Banking und Finance

So berechnen Banken den Darlehenszins Teil 1/3 [PRAXIS]

11. April 2014

Das allgemeine Zinsniveau ist zwar sehr tief, doch nicht alle Bankkunden erhalten den gleichen Darlehenszins. Bei gewissen Kreditnehmern liegt der Zins deutlich über dem durchschnittlichen Niveau. Somit gibt es teils grosse Unterschiede zwischen den Zinsen einzelner Kreditnehmer. Das gilt besonders bei Firmenkunden. Was sind die Gründe dafür? Dies möchte ich mit insgesamt drei Beiträgen auf dieser Blogsite ausführlich erläutern.

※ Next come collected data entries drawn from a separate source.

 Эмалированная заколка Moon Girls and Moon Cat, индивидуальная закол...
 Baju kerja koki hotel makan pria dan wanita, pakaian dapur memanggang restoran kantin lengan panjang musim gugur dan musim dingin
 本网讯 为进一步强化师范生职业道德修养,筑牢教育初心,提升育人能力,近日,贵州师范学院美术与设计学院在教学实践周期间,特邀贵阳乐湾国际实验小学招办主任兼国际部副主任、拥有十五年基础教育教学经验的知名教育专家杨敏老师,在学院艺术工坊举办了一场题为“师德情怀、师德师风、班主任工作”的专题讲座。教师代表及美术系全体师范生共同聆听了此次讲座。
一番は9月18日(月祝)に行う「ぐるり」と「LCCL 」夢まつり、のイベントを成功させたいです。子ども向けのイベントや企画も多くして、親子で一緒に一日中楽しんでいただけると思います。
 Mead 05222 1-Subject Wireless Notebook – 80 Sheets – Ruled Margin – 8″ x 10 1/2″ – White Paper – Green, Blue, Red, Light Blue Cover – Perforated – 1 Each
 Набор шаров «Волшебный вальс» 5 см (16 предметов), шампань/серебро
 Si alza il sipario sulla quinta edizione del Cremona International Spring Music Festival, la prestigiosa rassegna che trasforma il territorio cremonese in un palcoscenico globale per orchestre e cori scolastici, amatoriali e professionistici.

Zunächst ist einmal wichtig zu wissen, wie der Zins überhaupt zu Stande kommt. Bei praktisch allen Banken besteht er primär aus folgenden Preiskomponenten:

  • Refinanzierungskosten
  • Betriebskosten
  • Eigenmittelkosten
  • Marge
  • Risikokosten

Die Refinanzierungskosten sind die Kosten für die Beschaffung des ausgeliehenen Geldes. Aufgrund des aktuellen Zinsniveaus sind diese sehr tief. Bei diesen Kosten macht es keinen Unterschied, ob das Geld für einen Blankokredit an einen Firmenkunden oder für eine Hypothek an einen Privatkunden verwendet wird.

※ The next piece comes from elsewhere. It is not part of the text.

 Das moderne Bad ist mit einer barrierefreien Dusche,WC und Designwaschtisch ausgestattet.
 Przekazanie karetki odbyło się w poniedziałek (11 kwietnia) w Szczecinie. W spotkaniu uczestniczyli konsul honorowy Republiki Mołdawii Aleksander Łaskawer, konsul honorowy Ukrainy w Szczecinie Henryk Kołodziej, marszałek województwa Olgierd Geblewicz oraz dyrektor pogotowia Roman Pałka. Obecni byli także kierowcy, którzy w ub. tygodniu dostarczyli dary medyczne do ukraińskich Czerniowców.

Die Betriebskosten sind die Kosten für die Infrastruktur inklusive Personal, welche durch das Kreditgeschäft entstehen. Hier gibt es bereits den ersten Unterschied. Die Prüfung eines Blankokredites für einen Firmenkunden ist viel aufwändiger, als die Prüfung einer Hypothek für einen Privatkunden. Die Prozesse beim Privatkunden sind nämlich bei den meisten Banken viel standardisierter als bei den Firmenkunden. Deshalb sind die Betriebskosten bei den Firmenkunden höher.

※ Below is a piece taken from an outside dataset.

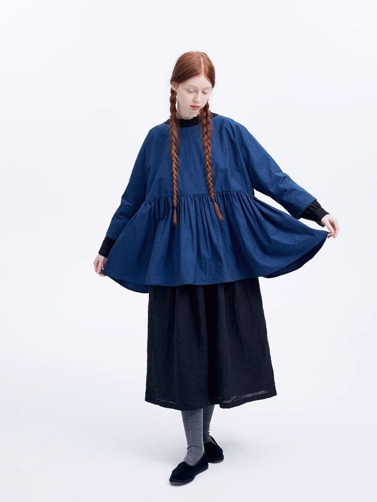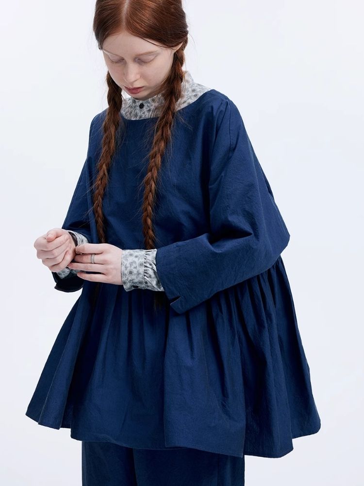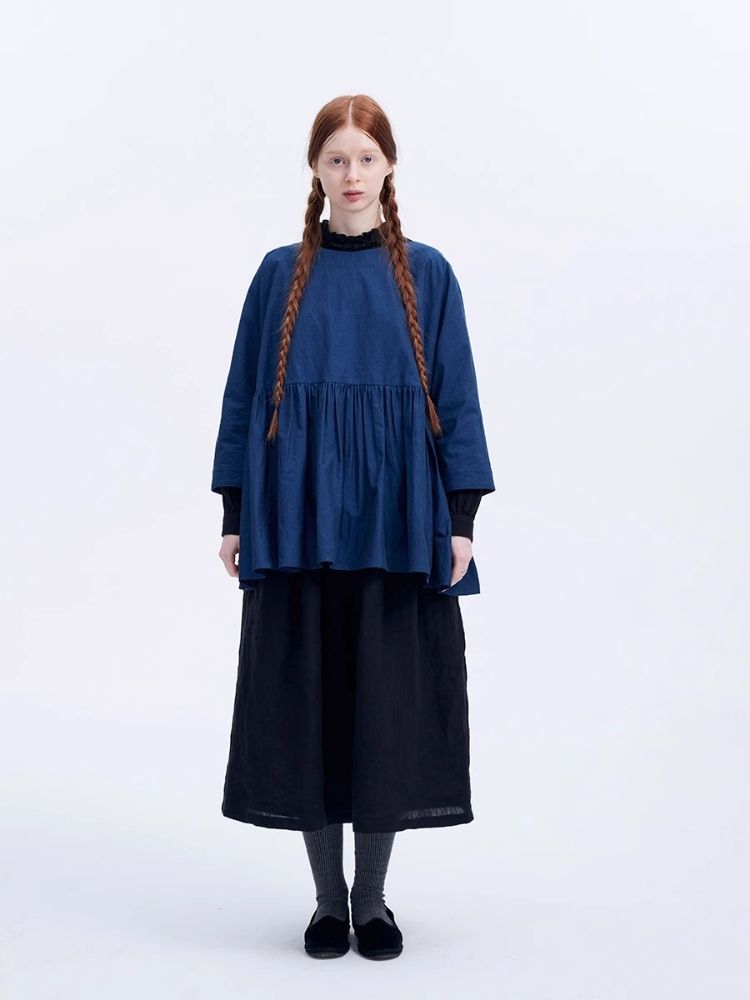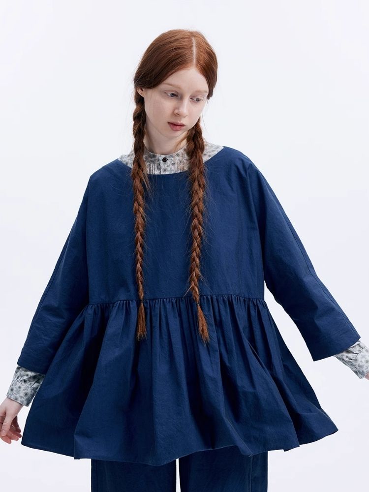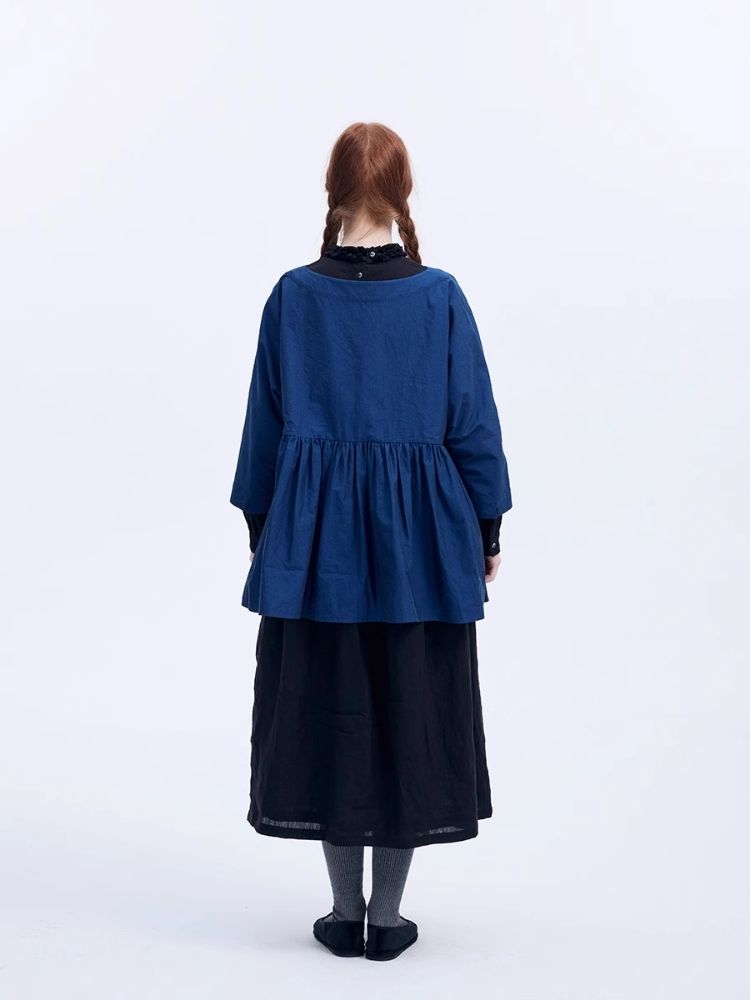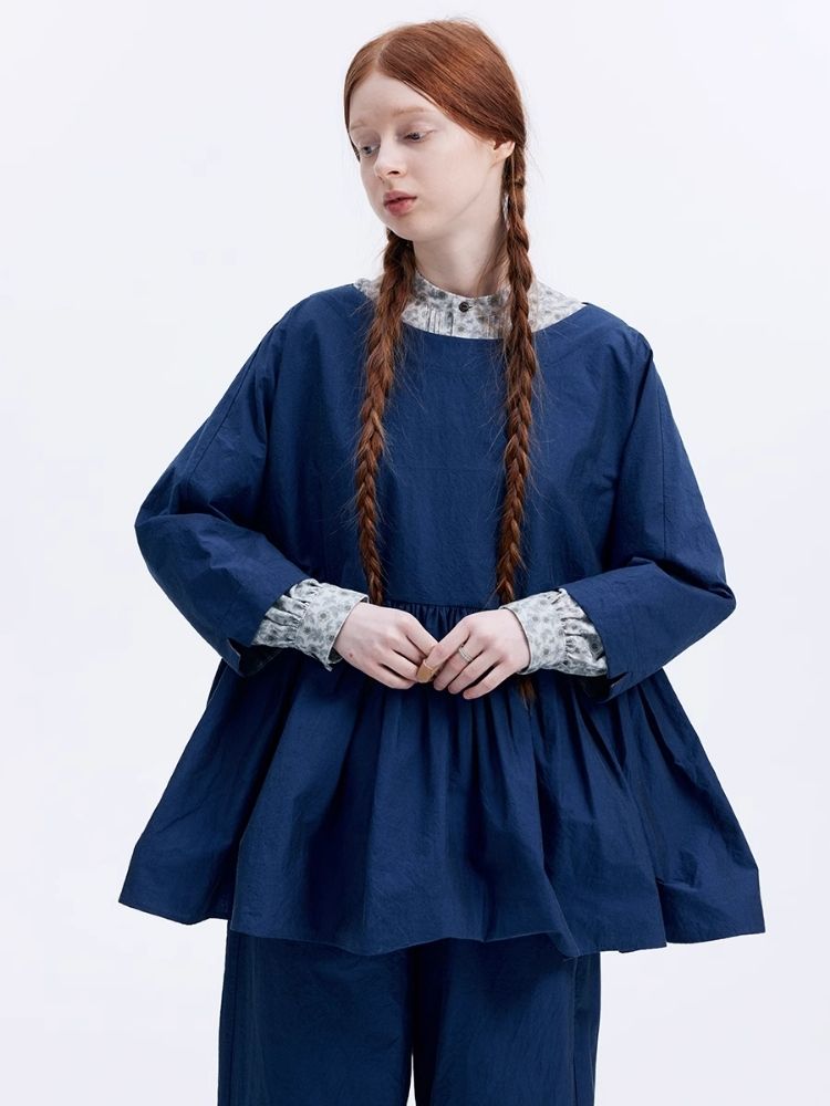 Shiny color sapphire hem smock.【s0000007962】

Die Eigenmittelkosten sind die Kosten für die Verzinsung der gesetzlich vorgeschriebenen Eigenmittelunterlegung. Der Bundesrat hat den antizyklischen Kapitalpuffer bei Wohnbauhypothek zwar per 30.06.2014 von 1% auf 2% erhöht. Trotzdem ist die Höhe der Eigenmittelunterlegung bei Wohnbauhypotheken weiterhin deutlich tiefer als bei Blankokrediten oder Gewerbehypotheken. Durch die höhere Eigenmittelunterlegung sind die Eigenmittelkosten bei Firmenkunden höher als bei einem Privatkunden mit einer Wohnbauhypothek.

Die Marge ist die Gewinnmarge der Bank. Diese hat sich in den letzten Jahren deutlich reduziert. Insbesondere bei den Hypotheken an Privatkunden fand ein Preiskampf statt. Die Kunden feilschten fast um jeden Basispunkt. Inzwischen hat sich dieser Preiskampf ein wenig beruhigt bzw. viele Banken wollen nicht mehr das Geschäft zu jedem Preis machen. Die frühere Höhe konnte aber noch nicht wieder erreicht werden. Bei den Firmenkunden fand auch ein gewisser Preiskampf statt. Dieser erreichte aber nie das Ausmass wie bei den Privatkunden. Die Margen sind hier also weiterhin tendenziell höher als beim Privatkundensegment.

Kommen wir nun zur letzten, aber eigentlich wichtigsten Preiskomponente für die Erklärung des Zinsunterschiedes zwischen den Kreditnehmern, den Risikokosten. Je höher das Risiko eines Ausfalles ist, desto höher sind auch die Risikokosten. Jeder Kunde bezahlt somit einen auf sein Risiko abgestimmten Zuschlag bzw. eine Ausfallprämie. Der Begriff dafür lautet „Risk Adjusted Pricing“. Da der Ausfall bei einem Firmenkunden mit einem Blankokredit tendenziell höher ist, ist auch der Risikozuschlag im Vergleich zu einem Privatkunden mit entsprechender Kreditbesicherung höher. Bei Privatkunden wie auch bei Firmenkunden wird die Ausfallwahrscheinlichkeit mit Hilfe eines Ratings festgelegt. Dieses erläutere ich im dritten Teil meines Blogposts näher.

Zusammenfassend kann man konstatieren, dass im Vergleich zu Privatkunden bei Firmenkunden praktisch alle Preiskomponenten (ausser den Refinanzierungskosten) des Zinses höher sind. Den grössten Einfluss auf die Zinshöhe haben allerdings die Risikokosten. Die Berechnung dieser Risikokosten wird deshalb das Thema des zweiten Teils dieses Blogposts sein.